After cleaning and some manipulation, we have a dataset that is applicable for modelling or classification purpose. Let’s look at the structure of the data.
pclass | survived | age | sibsp | parch | fare | embark_C | embark_Q | embark_S | gender |
---|---|---|---|---|---|---|---|---|---|
1 | TRUE | 29.0000 | 0 | 0 | 211.3375 | 0 | 0 | 1 | 1 |
1 | TRUE | 0.9167 | 1 | 2 | 151.5500 | 0 | 0 | 1 | 0 |
1 | FALSE | 2.0000 | 1 | 2 | 151.5500 | 0 | 0 | 1 | 1 |
1 | FALSE | 30.0000 | 1 | 2 | 151.5500 | 0 | 0 | 1 | 0 |
1 | FALSE | 25.0000 | 1 | 2 | 151.5500 | 0 | 0 | 1 | 1 |
1 | TRUE | 48.0000 | 0 | 0 | 26.5500 | 0 | 0 | 1 | 0 |
Usually, in Machine Learning Data is divided into two parts, training and testing data. I will divide the data into 70% training and 30% testing data.
set.seed(123)
data <- titanic_df[base::sample(nrow(titanic_df)),] # suffling the data
bound <- floor(0.7 * nrow(data))
df_train <- data[1:bound,]
df_test <- data[(bound+1): nrow(data),]
cat("number of training and test samples are",nrow(df_train), nrow(df_test))

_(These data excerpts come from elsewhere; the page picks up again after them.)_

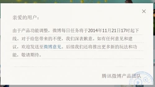 11月21日消息,騰訊微博發(fā)布公告稱,由于產(chǎn)品功能調(diào)整,微博每日任務(wù)將于11月21日17時(shí)起下線,這也表示騰訊微博在日常運(yùn)營(yíng)方面的進(jìn)一步減少投入。
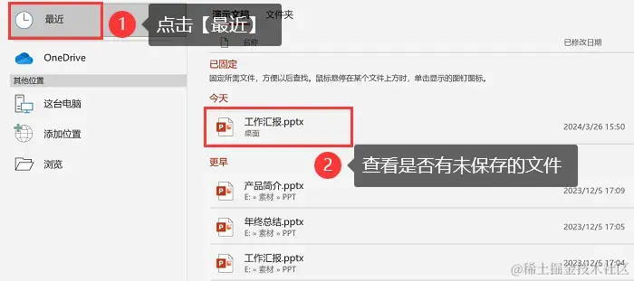 步骤3:在新窗口中,选择 【最近】或【恢复未保存的文档】选项。PowerPoint会列出最近打开或未保存的文档;
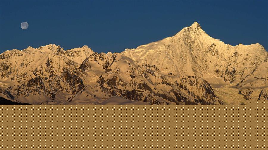 這是3月25日清晨拍攝的梅里雪山“日月同輝”景觀。梅里雪山位于滇藏交界的云南省迪慶藏族自治州德欽縣境內(nèi),是世界自然遺產(chǎn)“三江并流”的主要自然景觀之一。梅里雪山常年云霧籠罩,太陽光只在少數(shù)天晴的清晨照射在雪山頂上,形成絕美的“日照金山”美景。有時月亮尚未落山,太陽已經(jīng)升起,更是形成了難得一見的梅里雪山“日月同輝”奇觀。新華社記者 王長山 攝
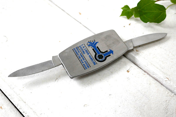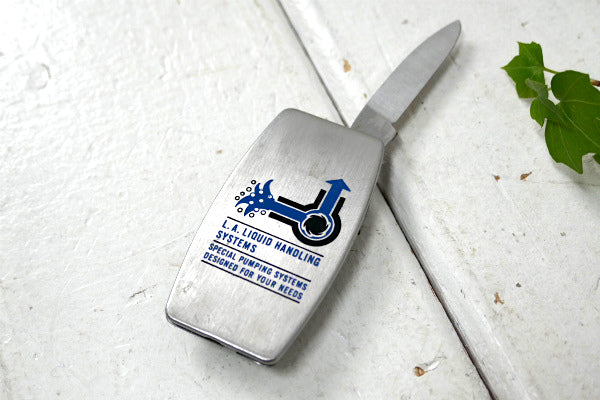 アメリカ西海岸、カリフォルニア ロサンゼルスで見つけました・・歴史あるオイルライター『ZIPPO(ジッポ)社』L.A. LIQUID HANDLING SYSTEMS・ロサンゼルス アドバタイジング・ヴィンテージ・マネークリップ&折り畳み ポケットナイフです。 【L.A. LIQUID HANDLING SYSTEMS SPECIAL PUMPING SYSTEMS DESIGNED FOR YOUR NEEDS】機会ロゴ&英字が入っております。 ナイフ&ヤスリの2機能が備わった、折りたたみ式のポケットナイフ&マネークリップになります。 ナイフ根本に【ZIPPO BRADFORD PA USA】、ヤスリ根本に【ZIPPO BRADFORD PA USA】と刻印が入っております。 キャンプなどのアウトドア・・普段使いやコレクションなどに・・♪ 経年により多少のスリキズ等ございます。 紙幣はついておりません。 画像(写真)でのご判断を宜しくお願いします。 ■size:約 W3.0cm×D5.3cm×H0.8cm ■コンディション : ★★★★☆ ■レターパックライト¥370対応可(追跡サービスあり・補償なし) ※ご注文の際、お手数ですがメッセージ欄に『レターパックライト希望』とご記入下さい。新たにお見積もりをメールにてお知らせさせていただきます。

number of training and test samples are 914 392
I will use K- Nearest Neighbour (knn) algorithm to train our classification model. I will start with k = 1.
y_test
knn.pred1 false true
false 210 60
true 41 81
Accuracy: 0.7423469
knn.pred3<-knn(X_train,X_test,y_train,k =3)
table(knn.pred3, y_test)
y_test
knn.pred3 false true
false 212 57
true 39 84
cat("Accuracy:",mean(y_test==knn.pred3))
Accuracy: 0.755102
knn.pred5 <- knn(X_train,X_test,y_train,k = 5)
table(knn.pred5, y_test)
y_test
knn.pred5 false true
false 204 56
true 47 85
cat("Accuracy:",mean(y_test==knn.pred5))
Accuracy: 0.7372449
knn.pred7 <- knn(X_train,X_test,y_train,k = 20)
table(knn.pred7, y_test)
y_test
knn.pred7 false true
false 222 57
true 29 84
cat("Accuracy:",mean(y_test==knn.pred7))
Accuracy: 0.7806122
I kept on increasing the value of k and the best result I found was with K = 20. Further increase in K didn’t improve the performance of the model. So, I got 78% accuracy using the K nearest Neighbour algorithm with k = 20. You can use other algorithms on this problem to get better accuracy.